= Jiffy Packaging =

Packaging manufacturer

Jiffy Packaging is a packaging manufacturer primarily based in Winsford, Cheshire, England. It is most famous for its Jiffy Padded Bags, whose name has become a byword for padded envelopes in British English.

==History==
Jiffy Packaging Company Limited was incorporated by the Baldwin family in 1964 to produce its namesake Jiffy Padded Bags. The Baldwins had produced wood wool in Birmingham since 1896 and Manchester since 1926 but chose Winsford in Cheshire as the base for their new company. Its product line first began to expand with Jiffy Rugated Products in 1968, and its parent company J. & W. Baldwin Holdings Company Ltd sold off its wood wool facilities to focus on Jiffy and its packaging business in 1975.

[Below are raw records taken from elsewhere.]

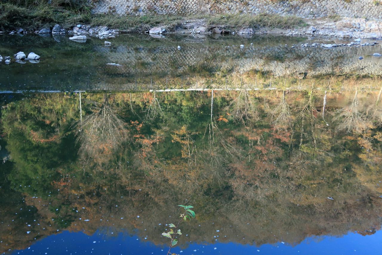 川沿いの風景。ほとんど水流がなく、しかも凪だったので、川面の鏡面写真を狙ったのだけど、2枚目の逆さ絵は、なかなかわかりにくくなってしまった。 ^^;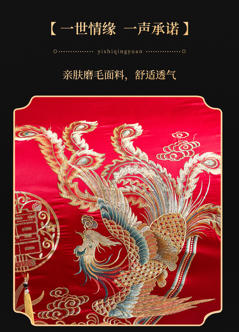 当前位置: 91家纺网 > 商品网购 > 床品套件 > 四件套 > 婚庆四件套 > 慕她家纺 2025新款磨毛婚庆四件套结婚刺绣花床品六喜庆 龙凤情缘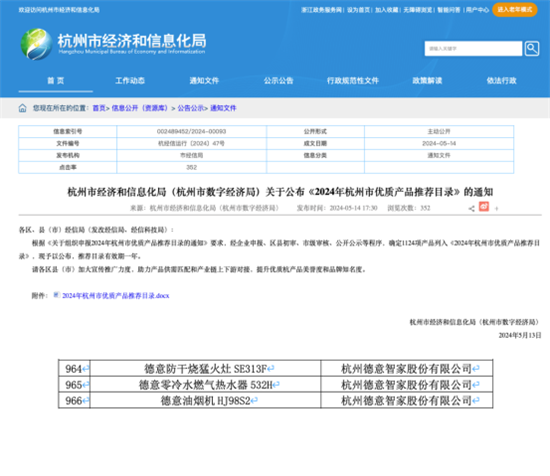 此次德意三款優(yōu)質(zhì)產(chǎn)品入選,充分體現(xiàn)了公司在廚電領(lǐng)域的創(chuàng)新和積累,彰顯了公司強(qiáng)大的品牌實(shí)力和產(chǎn)品力,同時(shí)助力提升杭產(chǎn)產(chǎn)品的品牌形象,推動(dòng)杭州市優(yōu)質(zhì)產(chǎn)品的創(chuàng)新與發(fā)展。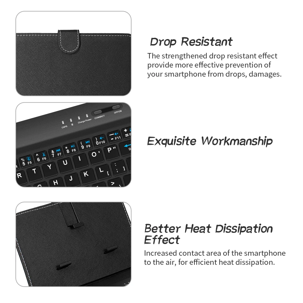 BT клавиатура с чехол разработан специально для 4,5-6,8 дюймов мобильные телефоны, принимая конструкция, поглощающая электромагнитное излучение для того, чтобы сделать клавиатура прочно впитывается в чехол и легко снять, для большего удобства использования мобильных телефонов. Особенности: Высокое качество. Чехол из искусственной кожи и клавиатура ABS BT специально разработаны высокого качества, экологически чистые, устойчивые к пыли, воде и царапинам, И также может защитить ваши мобильные телефоны от царапин или пыли и воды и т. Д. Магнитное поглощение. Клавиатура BT магнитно впитывается в защитный чехол в прочной и стабильной степени, а также легко снимается для большего удобства. Широкая совместимость. Совместим с разнообразными устройствами с 4,5-6,8 дюймов мобильные телефоны. Уникальный дизайн подставки. Уникальный дизайн подставки обеспечивает стабильную поддержку смартфона при просмотре фильмов или наборе текста, что позволяет сложить его, когда он не используется, не занимает места. Быстрый ввод текста. Клавиатура BT имеет уникальный дизайн клавиш для быстрого и удобного ввода текста. И легко подключается через BT к вашим устройствам. Лучший эффект рассеивания тепла Увеличенная площадь контакта смартфона с воздухом для эффективного рассеивания тепла. Легкий дизайн. Легкий и тонкий дизайн, легко и удобно носить с собой и использовать. Спецификация: Товар: клавиатура и чехол Защитный чехол: Цвет: черный Материал: искусственная кожа Совместимость смартфона: для 4,5-6,8 дюймов Размер: 22,7*14*3 см/8,9*5,5*1,2 дюймов Вес: 179 г/6,3 унций Клавиатура: Цвет: черный, белый (по желанию) Расстояние передачи: 10 м Модуляции: 2,4 ГГц Рабочее напряжение: 3-5 В Рабочий ток: <4.0ма Ток в режиме ожидания: 20UA Ток сна: <2μA Ток зарядки: ≥ 100 мА Сила нажатия клавиш: 80 ± 10 г Нажатие клавиш: 5 миллионов кликов Рабочая температура: -10 ℃ - + 55 ℃ Влажность: 20-50% Размер: 19,8*12,5*0,6 см/7,8*4,9*0,2 дюймов Вес: 122g/4,3 oz Посылка включает: 1 * Клавиатура с Чехол 1 * USB кабель

It initially sold its products to other packaging companies but in the 21st century began to sell more directly to consumers. It was purchased by the American-based Pregis company but sold with the rest of Pregis Europe in 2014 to the Italian Airpack, who subsequently rebranded the purchased companies "Jiffy Packaging Europe". It now produces a range of paper, bubble, and foam products.

The success of the products in the United Kingdom and Europe has made "jiffy bag" a general term in British English for any padded envelopes. In order to protect its trademarks from becoming fully genericized, Jiffy has taken action since 2015—including threats of litigation—against sellers on online platforms such as eBay who use their name without permission.